С его смертью Хандредс-Холл еще больше замкнулся от мира. Парковые ворота почти всегда были закрыты. Крепкий каменный забор был достаточно высок, чтобы служить преградой. Любопытно, что ни с одной точки в округе громадный особняк не просматривался. Отправляясь по вызову, иногда я проходил мимо ограды и думал о затаившемся за ней доме, вспоминая, каким он предстал передо мной в тот день 1919 года: великолепный кирпичный фасад, прохладные мраморные коридоры, полные удивительных вещей.


Когда я вновь посетил этот дом — почти через тридцать лет после первого визита и вскоре после окончания другой войны, — перемены с ним меня ошеломили. Оказался я там по чистой случайности, ибо Айресы числились за моим напарником Дэвидом Грэмом, но тот был на срочном вызове, и заявка семейства перешла ко мне. Сердце мое захолонуло, едва я въехал в парк. Прежде к дому вела длинная аккуратная аллея из рододендрона и лавра, но теперь неухоженный парк зарос, и моей маленькой машине пришлось продираться сквозь кусты. Одолев заросли, я выехал на полоску грубого гравия прямо перед домом и, ударив по тормозам, изумленно застыл. Конечно, дом был меньше того роскошного особняка, что сохранила память, но к этому я был готов. Меня ужаснули следы распада. Мило обветшалые угловые наличники местами напрочь отвалились, и нечеткий георгианский абрис дома стал еще сомнительнее. Разросшийся плющ изгваздал фасад и увял, повиснув спутанными крысиными хвостами. Сквозь щели в потрескавшихся ступенях широкого парадного крыльца буйно лезли сорняки.
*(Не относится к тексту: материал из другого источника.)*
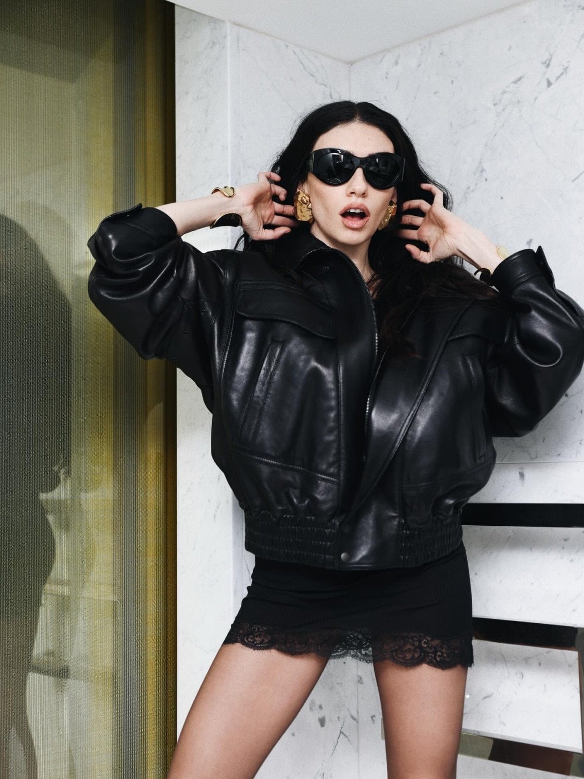Ünlü oyuncu, siyah süper mini elbisesiyle verdiği pozlarla bakışları üzerine topladı.

Я выбрался из машины, но медлил захлопнуть дверцу. Хоть большой и вроде крепкий, дом выглядел ненадежно. Встретить меня никто не вышел; чуть помешкав, по хрусткому гравию я прошел к крыльцу и опасливо поднялся по растрескавшимся каменным ступеням. Стоял жаркий, совершенно безветренный летний день; я дернул костяную ручку звонка из потускневшей от старости меди и в нутре дома расслышал чистый, ясный перезвон. Следом раздался негромкий, но сердитый собачий лай.
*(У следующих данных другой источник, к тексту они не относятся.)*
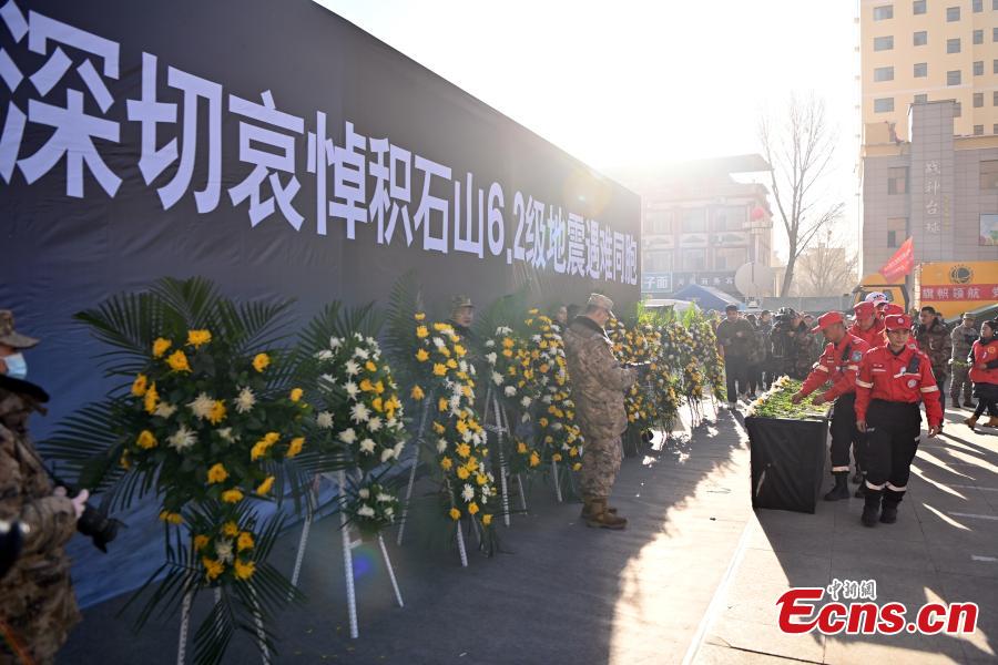 People lay flowers to mourn earthquake victims during a mourning ceremony for earthquake victims at Dahejia Township of Jishishan County, northwest China's Gansu Province, Dec. 25, 2023. (Photo/China News Service)

Вскоре гавканье стихло, на долгую минуту наступила тишина. Потом справа послышалось неравномерное шарканье, и через мгновенье из-за угла дома появился Родерик, сын семейства Айрес. Он подозрительно на меня сощурился, но заметил мой саквояж. Вынув изо рта размякшую самокрутку, он спросил:

— Вы врач, да? Мы ждали доктора Грэма.

Сказано это было весьма приветливо, но чуть вяло, словно мой вид его уже утомил. Я спустился с крыльца и, представившись партнером Грэма, объяснил, что коллега на срочном вызове.

— Спасибо, что выбрались в воскресенье да еще в такую жуткую жару, — учтиво ответил хозяин. — Прошу сюда, так быстрее, чем через дом. Кстати, я Родерик Айрес.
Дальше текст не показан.